A logistic regression analysis was then performed to examine the independent relationship between UI and functional disability. Potential confounders were included in the final model based on their significance in univariate analysis (p ≤.1). Both BMI and CES-D scores were considered as continuous variables in the final regression model. Statistical analyses were performed using SAS 9.2 (SAS Institute, Inc., Cary, NC) and STATA 11.0 (StataCorp, College Station, TX).

RESULTS

A total of 1,412 women were included in our analysis. UI was reported by 52.8% (n/N = 745/1,412) of older women. Daily UI was reported by 12.5% of women and 40.2% of women reported some UI (weekly, monthly, or yearly). (Table 1) Mean number of medical comorbidities increased with increased incontinence frequency (p <.0001). Women with increasing incontinence frequency were less likely to report their health status somewhat or much better than their peers (p=.04).

Table 1.

Demographics of community-dwelling older women from NSHAP database by urinary incontinence category. Weighted.
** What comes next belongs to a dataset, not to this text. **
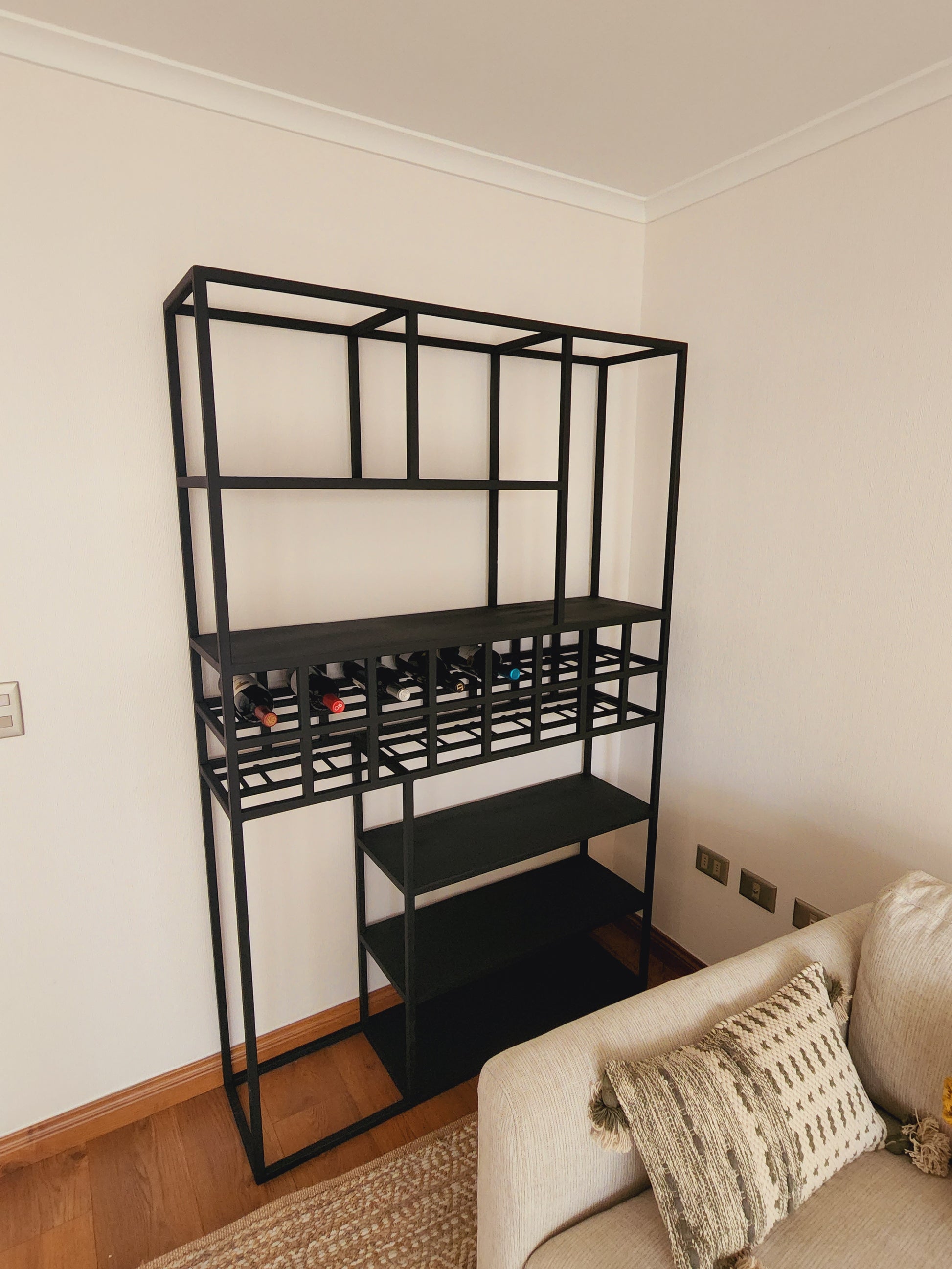 Un mueble inteligente y estilizado que combina perchero, zapatero y guarda de vinos en una sola pieza. Perfecto para quienes buscan funcionalidad sin renunciar al diseño. Su estructura metálica delgada aprovecha al máximo el espacio, mientras que las repisas inferiores permiten organizar calzado, botellas o decoraciones con estilo.
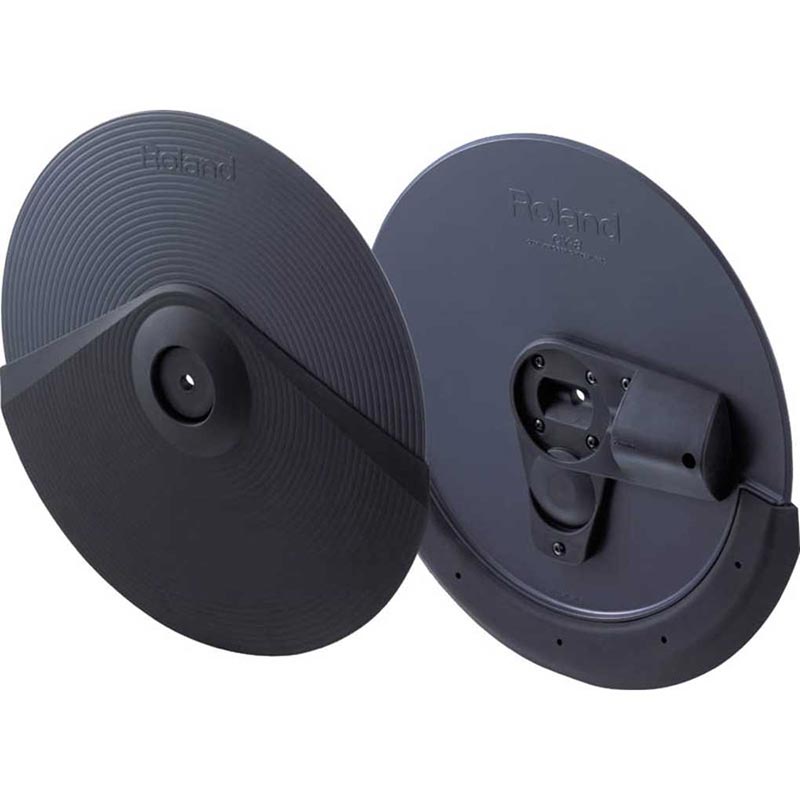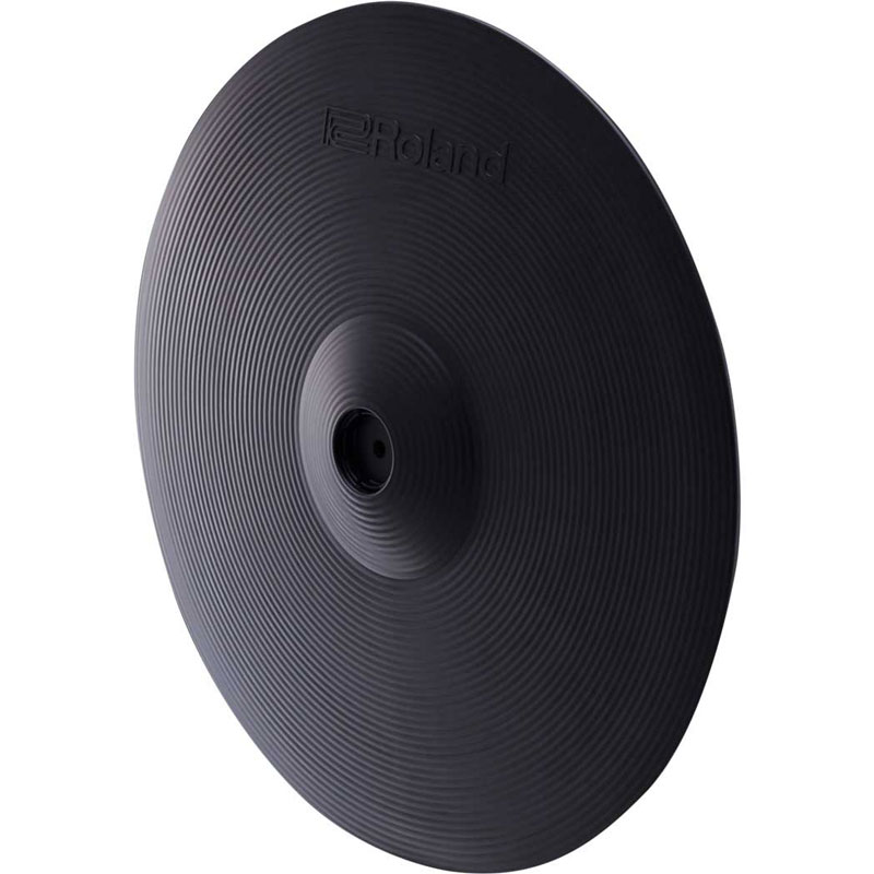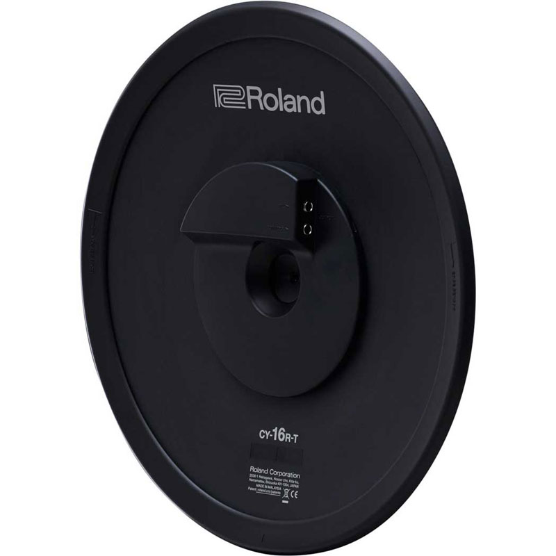 Roland CY-16R-T V-Cymbal Ride. The CY-16R-T V-Cymbal features a 40-percent thinner profile than previous generations. Offering an organic and expressive playing experience with more even response, improved stick feel, and natural acoustic swinging motion. And with its elegant textured design, the CY-16R-T projects an authentic acoustic look on stage. The CY-16R-T’s sensor system can be configured within the TD-27 V-Drums module* for use as a ride cymbal (bow/bell) or crash cymbal (bow/edge). Three-way triggering is supported via two cables with advanced V-Drums modules, providing independent sounds on the edge, bow, and bell. The cymbal can also be choked simply by grabbing the edge–just like a real acoustic cymbal.

Variable Unweighted Respondents N=1,412 Daily urinary incontinence N=177 Some urinary incontinence N=568 No urinary incontinence N=667 P
Age Category: 0.0124
    57-64 463 36.7 (28.1-45.3) 43.9 (39.1-48.7) 37.6 (33.2-42)
    65-74 495 29 (22.1-35.8) 33.1 (29.1-37) 37.8 (33.1-42.5)
    75-85 454 34.4 (25.2-43.5) 23 (19.5-26.6) 24.6 (21.4-27.8)

Race/Ethnicity 0.0016
    White 991 84.5 (76.8-92.3) 84.3 (81.1-87.5) 77.3 (72.4-82.2)
    Black 261 8.3 (4.3-12.4) 8.4 (5.9-10.9) 13.6 (9.6-17.7)
    Hispanic, non-black 126 6.2 (0-12.9) 6.2 (3.5-8.9) 6 (2.7-9.2)
    Other 26 0.9 (0-2.2) 1.1 (0.4-1.8) 3.1 (0.9-5.3)

Health Insurance 0.0209
    Medicaid or Medicare 302 30.9 (20.6-41.2) 18.3 (13.4-23.1) 22.1 (18.2-26.1)
    Private Insurance 662 50.4 (39.1-61.7) 65.5 (59.8-71.2) 61 (56.1-65.8)
    Other 187 18.7 (12.2-25.3) 16.3 (12.5-20) 16.9 (14-19.9)

Education 0.6986
    Less than high school 319 19.9 (12.2-27.5) 16.7 (13.3-20.1) 19.7 (15.9-23.6)
    High school or equiv. 418 32.2 (24-40.5) 28.2 (23.8-32.5) 30.8 (25.8-35.8)
    Some college 432 30.2 (21.4-39.1) 35.5 (29.9-41.1) 31.3 (27.3-35.3)
    Bachelor's degree or higher 243 17.6 (9.5-25.8) 19.7 (15.3-24.1) 18.1 (13.8-22.5)

Health Status Relative to Age Peers 0.0404
    Much worse/Somewhat worse/about the same 460 49.7 (40.6-58.7) 39.2 (33.9-44.5) 35.5 (29.5-41.4)
    Somewhat/Much better 725 50.3 (41.3-59.4) 60.8 (55.5-66.1) 64.5 (58.6-70.5)

Parity 0.5399
    No live births 32 2.2 (0.1-4.4) 1.6 (0.6-2.7) 2.6 (0.9-4.3)
    ≥ 1 live births 1273 97.8 (95.6-99.9) 98.4 (97.3-99.4) 97.4 (95.7-99.1)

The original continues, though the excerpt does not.